Data warehouse schemas often rely on a primary “fact” table that contains events, and satellite “dimension” tables that contain extended, slowly changing information. For example, a retail schema might have a “Sales” table as the fact table and then “Products” and “Customers” tables as dimensions. When using this type of schema, the majority of queries will require a JOIN operation, such as to return the names of all the products purchased by a particular customer.

BigQuery supports all of the common join types from relational algebra: inner joins, outer joins, cross joins, anti-joins, semi-joins, and anti-semi-joins.

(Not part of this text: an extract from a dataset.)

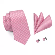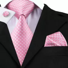 What makes this tie set special is its combination of luxurious silk material and fashionable plaid design. The pink and white color scheme adds a modern touch to traditional formalwear, making it an excellent choice for weddings or any occasion where you want to make an impression. The included pocket square and cufflinks ensure a complete, polished look, while the 100% silk fabric offers a high-quality feel that’s perfect for special events.

Although it can sometimes be faster to avoid a JOIN, BigQuery can efficiently join tables of almost any size. Chapter 7 discusses more about how to optimize JOIN performance, but for now, we describe only the basic JOIN operation.

The JOIN Explained

In Chapter 1, we looked at an example of a JOIN across tables in two different datasets produced by two different organizations. Let’s revisit that for a refresher:

WITH bicycle_rentals AS (
  SELECT
    COUNT(starttime) as num_trips,
    EXTRACT(DATE from starttime) as trip_date
    FROM `bigquery-public-data`.new_york_citibike.citibike_trips
  GROUP BY trip_date
),

rainy_days AS
(
SELECT
  date,
  (MAX(prcp) > 5) AS rainy
FROM (
  SELECT
    wx.date AS date,
    IF (wx.element = 'PRCP', wx.value/10, NULL) AS prcp
  FROM
    `bigquery-public-data`.ghcn_d.ghcnd_2016 AS wx
  WHERE
    wx.id = 'USW00094728'
)
GROUP BY
  date
)

SELECT
  ROUND(AVG(bk.num_trips)) AS num_trips,
  wx.rainy
FROM bicycle_rentals AS bk
JOIN rainy_days AS wx
ON wx.date = bk.trip_date
GROUP BY wx.rainy

In Chapter 1, we asked you to ignore the syntax, but let’s parse it now.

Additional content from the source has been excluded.